Upon observing the raw spectra in Figure 1 and Figure 2, the presumably best-performing benchtop (MPA) and handheld (NIR-S-G1 with plastic bag) datasets were visualized with PCA after applying the necessary spectral pretreatments (Figure 3). The Savitzky–Golay with a 2nd-order polynomial and 21 smoothing points in combination with SNV has proven to be the overall most suitable for reducing spectral noise and scattering effects that were visible on the raw spectra. The previous implication that the different protein types might not show significant differences can be rejected based on the PCA results, as the whey, beef, and pea datasets are clearly separable, especially with the benchtop dataset (Figure 3A). The PCA measurement points on the score plots also show an incremental tendency based on adulteration levels alongside PC2 in both cases, while the measurement points belonging to different protein types separate alongside PC1. In the case of the benchtop instrument (Figure 1A), the average distance to the cluster center is lower, while the distance to other centers is noticeably higher than in the case of the handheld device (Figure 1B), resulting in less spread and more measurement points in the confidence interval. Another thing to notice is that the spread of the measurement points seems to be the lowest for whey protein samples in both cases.

After the exploratory data evaluation based on raw spectra and PCA, each dataset was split into three sub-datasets (whey, beef, and pea) for further evaluation, while restricted wavelength ranges were selected for each instrument (NIRS6500: 1100–2200 nm; MPA: 1400–2200 nm; MetriNIR and NIR-S-G1: 950–1650 nm) to focus only on the regions with the most distinguishable peaks. The wavelength regions above 2200 nm were ignored due to their future applicability, as measurements with fiber optic probes induce a high amount of noise in the higher wavelength spectral regions, according to previous experience and literature [33].

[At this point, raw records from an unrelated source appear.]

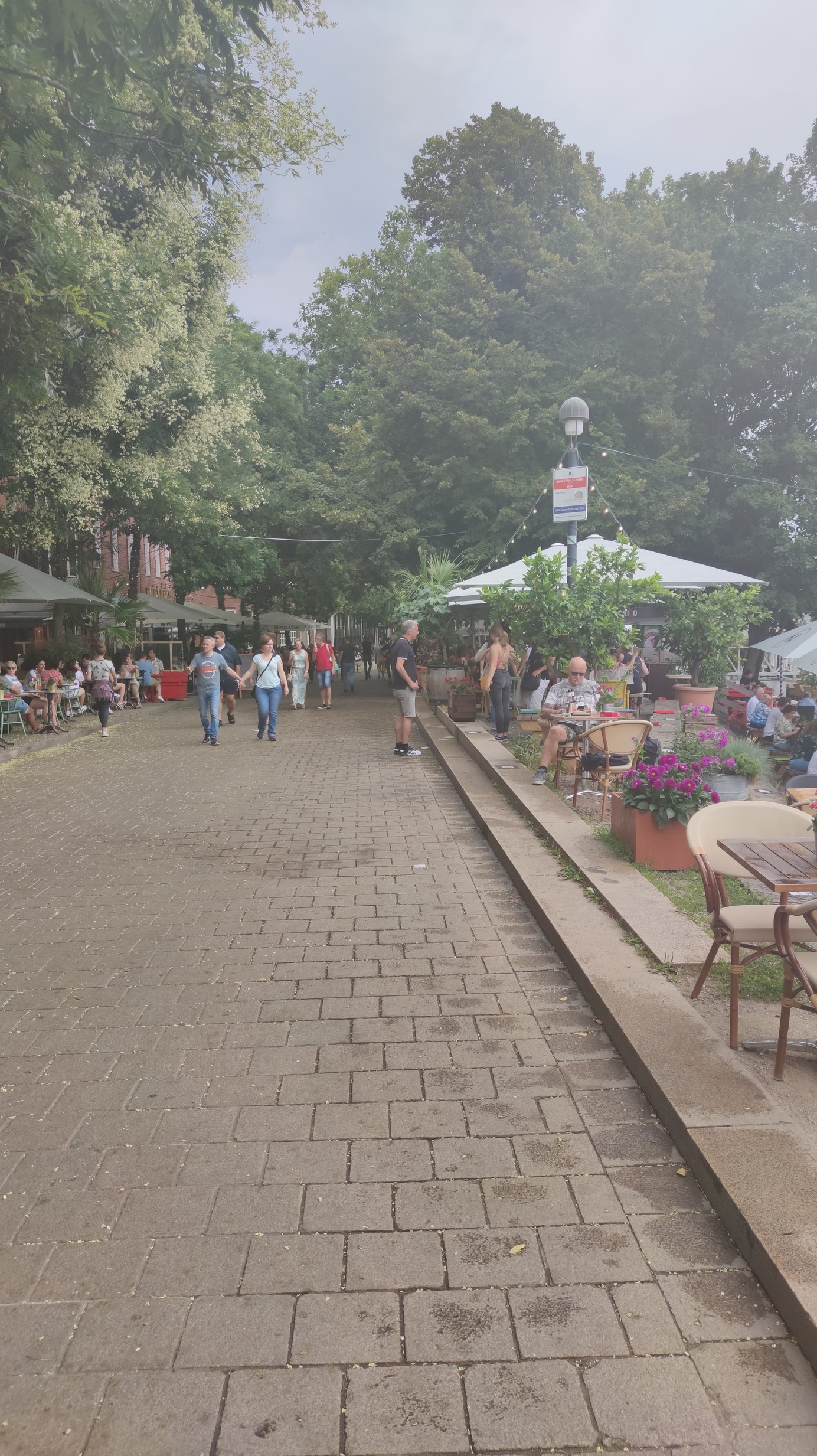 Naast mij stond Richa die ook aan een flinke tocht bezig was. Zij liep al sinds mei vanuit Denemarken, alle uithoeken van het land verkennende, en was van plan ergens naar zuid Duitsland twee lopen. Ze heeft dit al vaker gedaan in Azië en Afrika voor ongeveer 10 jaar. Soms blijft ze ook een tijdje op dezelfde plek voor waar extra werk voor geld of levensonderhoud. Het was erg gezellig en ik kreeg nog wat tips voor in Denemarken.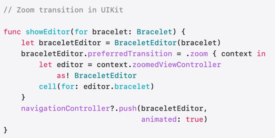 UIKit에서도 화면전환에서 zooming을 더 손쉽게 구현할 수 있음.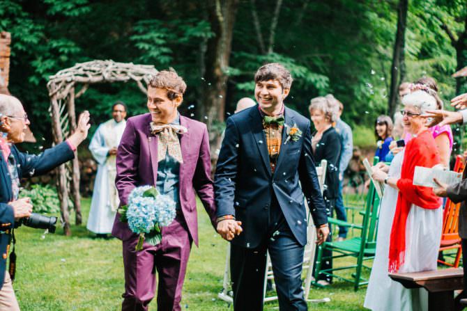 Not afraid of a little color, they let their personalities shine in their wedding day wardrobe choices. Eric donned a navy suit, plaid shirt and maroon suspenders adorned with foxes. Danny looked equally dapper in a maroon suit, chambray shirt accessorized with an oversized floral bow tie, a golden crown and two small pins — one of an owl, the other of an arrow, gifted to him by his soon-to-be husband.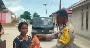 Peduli Warga kurang mampu, Bhabinkamtibmas Karatat berikan bantuan paket sembako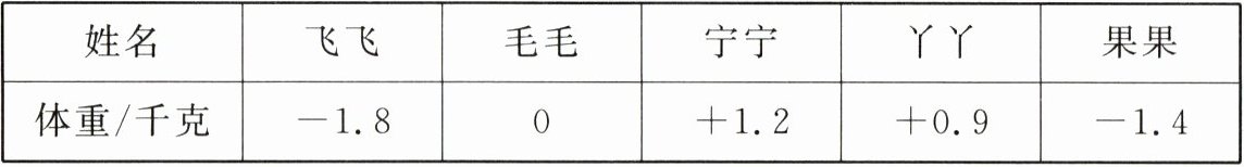 |体重/千克|-1.8|0|+1.2|+0.9|-1.4|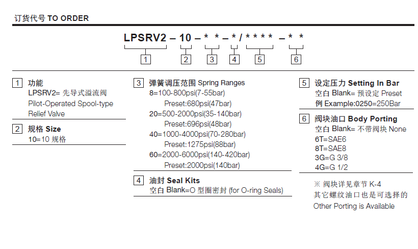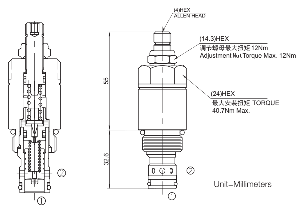 阀体①口和②口不通, 直到①口压力超过设定压力且打开先导阀芯。这样, 先导阀芯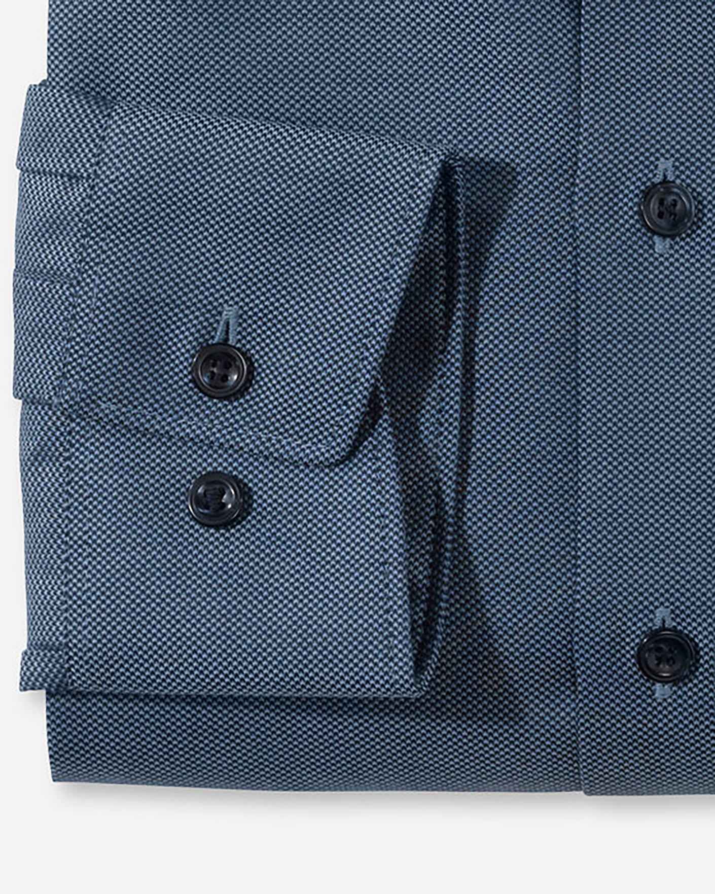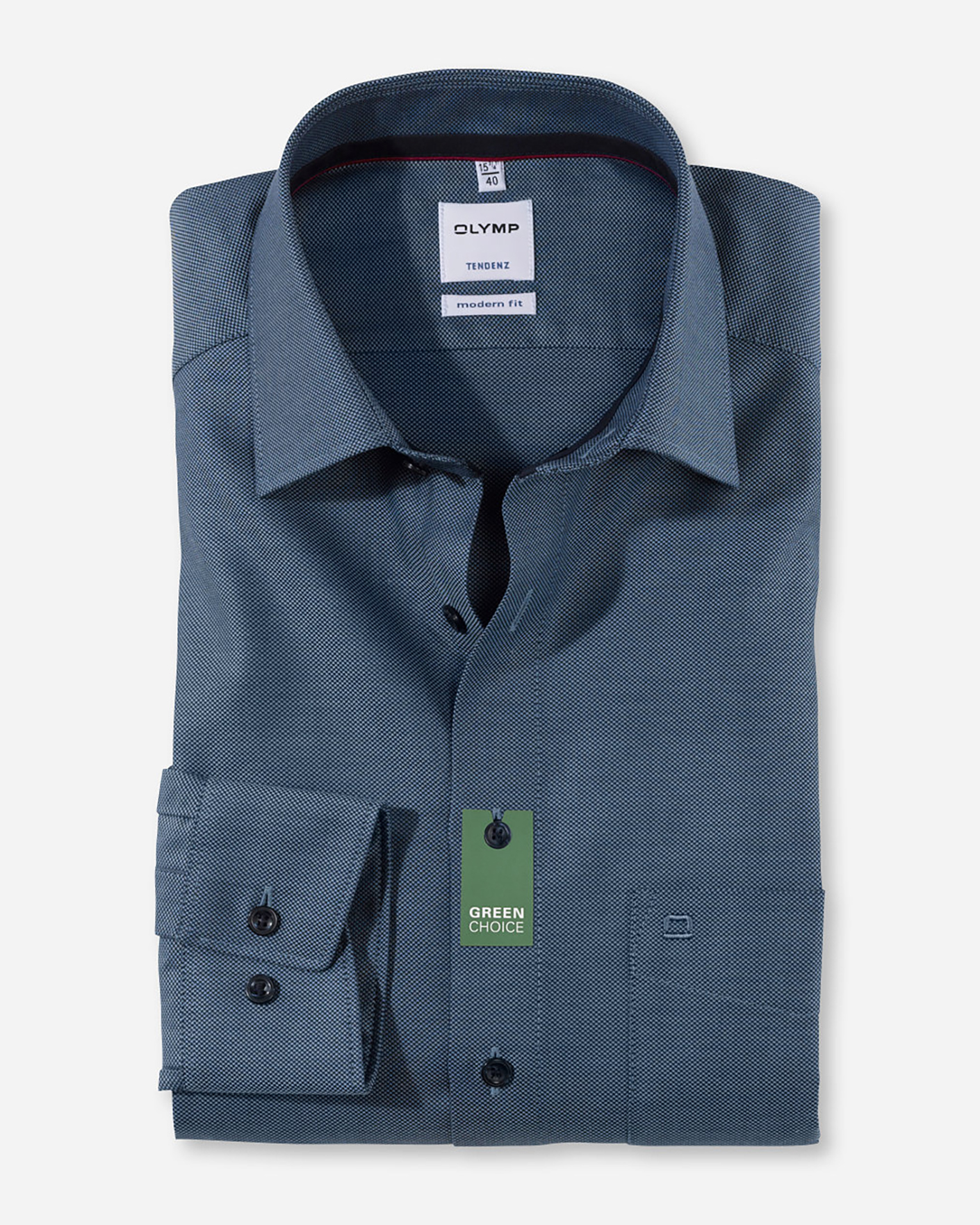 Рубашка OLYMP Tendenz Modern Fit серо-синего цвета в мелкий текстурный рисунок. Модель с нагрудным карманом и элегантный New Kent, который можно носить как с галстуком, так и без него. В данной рубашке присутствует сочетание классического делового дресс-кода и повседневной носки.

2.2. Supervised Classification of the NIR Spectroscopy Results Based on LDA

Figure 4 and Figure 5 show the LDA classification results based on each sub-dataset to separate the different adulteration levels. All LDA score plots show a similar tendency, where measurement points separate alongside the first discriminant function from right to left, with more overlap between groups for the handheld datasets (Figure 5). Average prediction accuracies were significantly (F(1, 43) = 274.2, p < 0.001) higher for benchtop devices compared with handheld devices. While comparing the performance based on different protein types, the models based on pea protein sub-datasets provided the overall highest, while the whey sub-datasets provided the overall lowest average correct classification accuracies, although the differences were not significant (F(2, 42) = 0.11, p = 0.9). As for instrument performance comparisons, models based on NIRS6500 data show the highest cross-validated correct classification accuracy, with 99.16%, 98.52%, and 97.37% for the whey, beef, and pea protein sub-datasets, respectively, significantly (F(1, 16) = 8.92, p < 0.01) higher values than in the case of the FT-NIR (MPA). A previous study using a similar FT-NIR device to classify melamine adulteration in milk powder reported increasing misclassification at lower (≤0.4% w/w) concentration levels [34]. Other authors could reach similar classification results using an FT-NIR device [35]. In agreement with observations during exploratory data analysis, although not significantly (F(1, 16) = 0.44, p < 0.01), the models based on the NIR-S-G1 dataset acquired by scanning through the plastic bag reached overall higher predictive accuracy than its glass-cuvette counterpart, with the exception of the models built on the beef protein sub-dataset. The observation that scanning through a plastic bag compared with a glass cuvette shows slightly better results is in agreement with previous findings [1].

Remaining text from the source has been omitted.